Exercise requirements:
Search the records for the line with "Cola Styrofoam® expandida". Output that line and each line after it, exactly, and stop at the end; omit pictures.

Records supplied:

Content starts

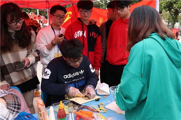 除了色彩缤纷的小玩意吸引前来的同学,5元钱就能DIY自制的寿司也是吸引了不少同学观看。自动化专业2018(2)班的龙旭照趁着这次机会也体验了一次做寿司的感觉,“我是比较享受制作寿司的过程。作为一个“吃货”的我,对于自己做出来的寿司,我觉得更有风味,比在店里买出来的我觉得味道好多了。”
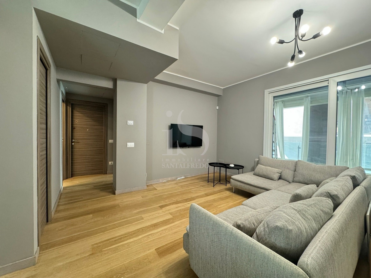 Entrando, accoglie una zona giorno spaziosa con cucina a vista sulla sinistra e un ampio soggiorno a destra, da cui si accede a un meraviglioso terrazzo coperto di 45 mq, arricchito da tende, perfetto per momenti di relax o convivialità. Il parquet corre lungo tutta la casa, mentre i serramenti con triplo vetro e tapparelle automatizzate garantiscono comfort e isolamento acustico.
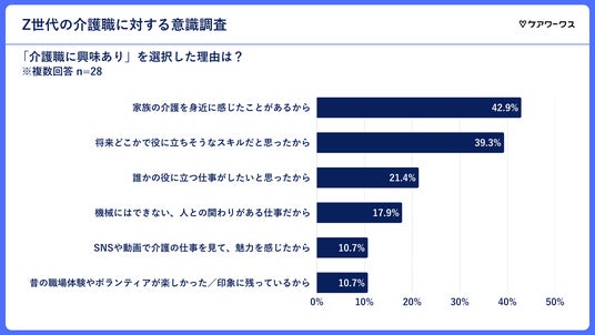 「介護職に興味あり」と回答した理由として最も多かったのは、「家族の介護を身近に感じたことがあるから」で、42.9%と半数近くにのぼりました。次いで多かったのは、「将来どこかで役に立ちそうなスキルだと思ったから」(39.3%)という回答となりました。
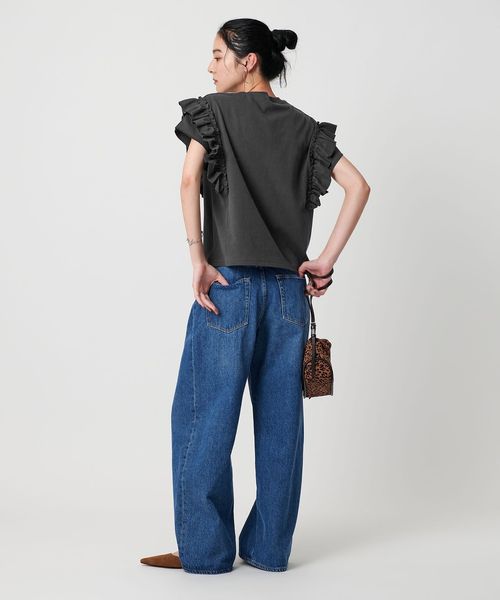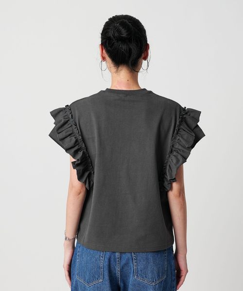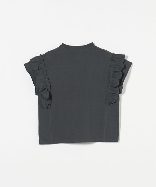 Tシャツの要素である首周りのリブやフェード感ある生地を用いてフリルの甘さを抑え、カジュアルな印象に仕上げました。
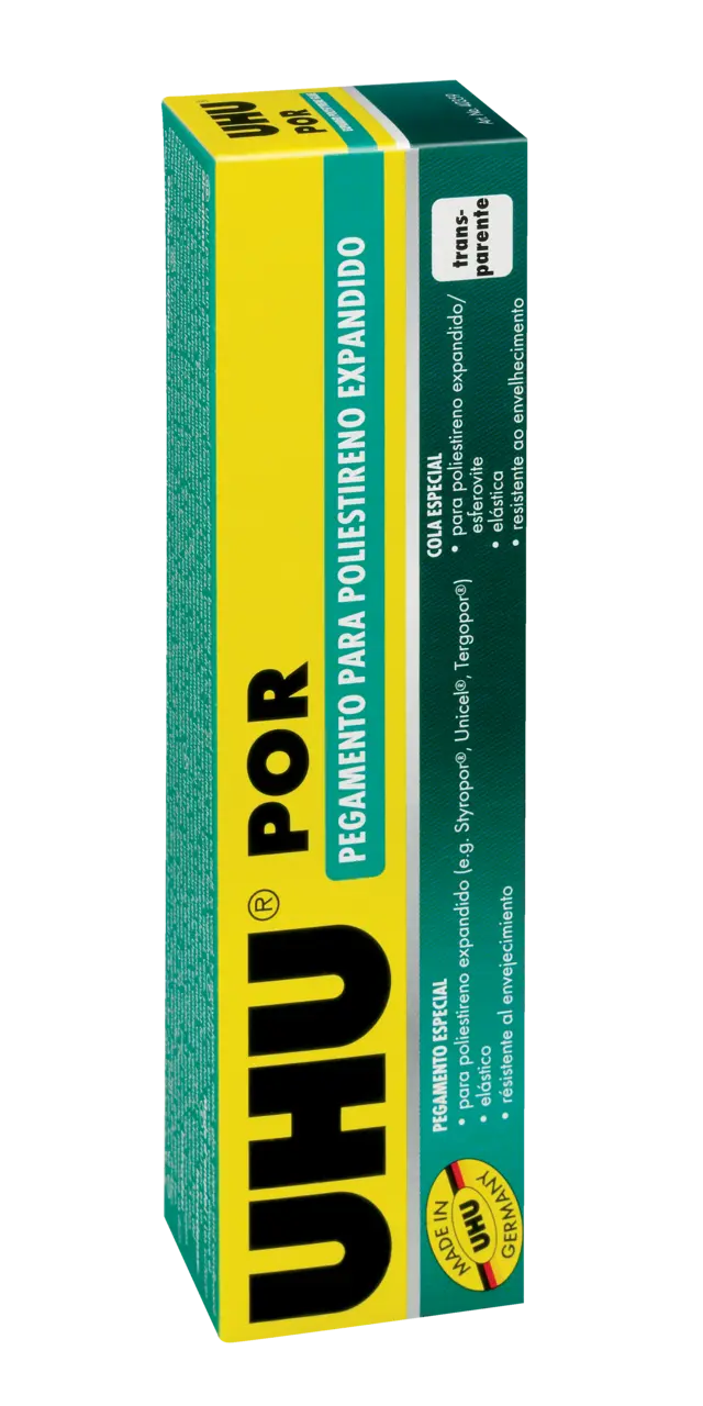 Cola Styrofoam® expandida (esferovite) também em combinação com outros materiais, por ex. madeira, papel, metal, cerâmica, gesso, tecido e vários plásticos.
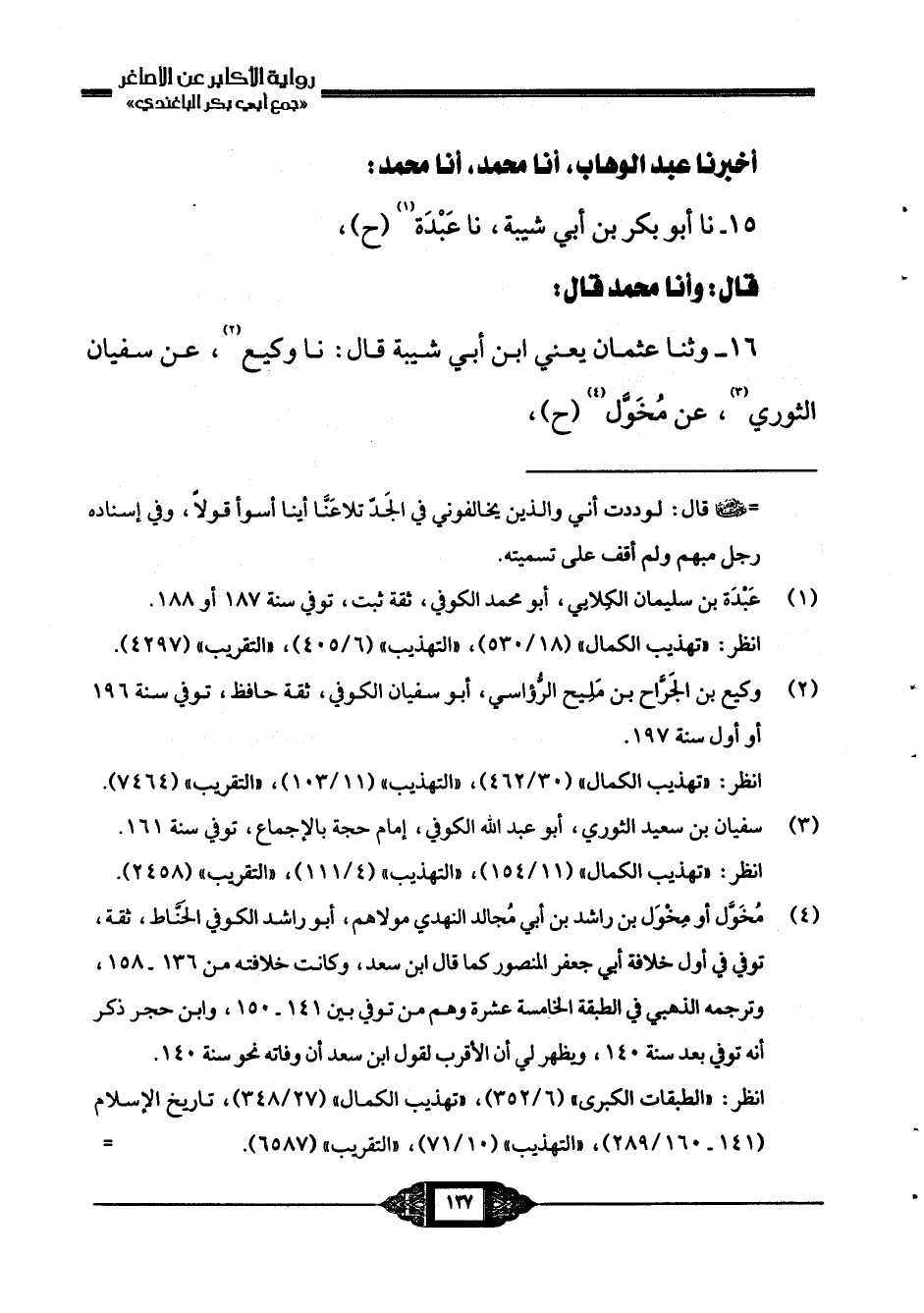 16- قال: وأنا محمد قال: وثنا عثمان يعني ابن أبي شيبة قال: نا وكيع، عن سفيان الثوري، عن مخول (ح) ،
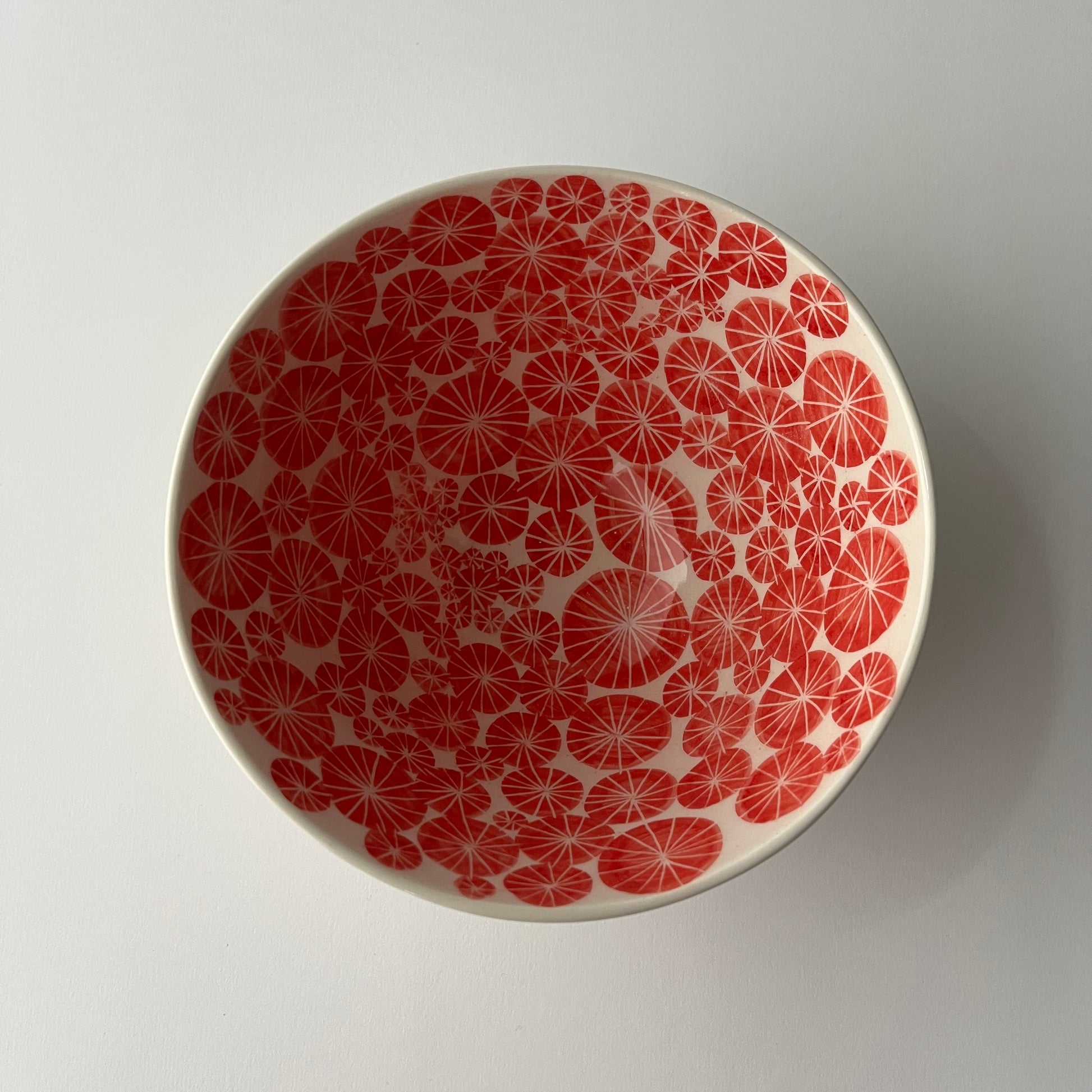 Handmade bowl crafted from white clay and decorated with underglaze pigments. The carved surface gives the bowl a lightness that makes it pleasant to hold. This bowl enlivens interiors and adds a playful touch. It can be used for food preparation, dining, or table serving.

Content ends

Written answer:
 Cola Styrofoam® expandida (esferovite) também em combinação com outros materiais, por ex. madeira, papel, metal, cerâmica, gesso, tecido e vários plásticos.
 16- قال: وأنا محمد قال: وثنا عثمان يعني ابن أبي شيبة قال: نا وكيع، عن سفيان الثوري، عن مخول (ح) ،
 Handmade bowl crafted from white clay and decorated with underglaze pigments. The carved surface gives the bowl a lightness that makes it pleasant to hold. This bowl enlivens interiors and adds a playful touch. It can be used for food preparation, dining, or table serving.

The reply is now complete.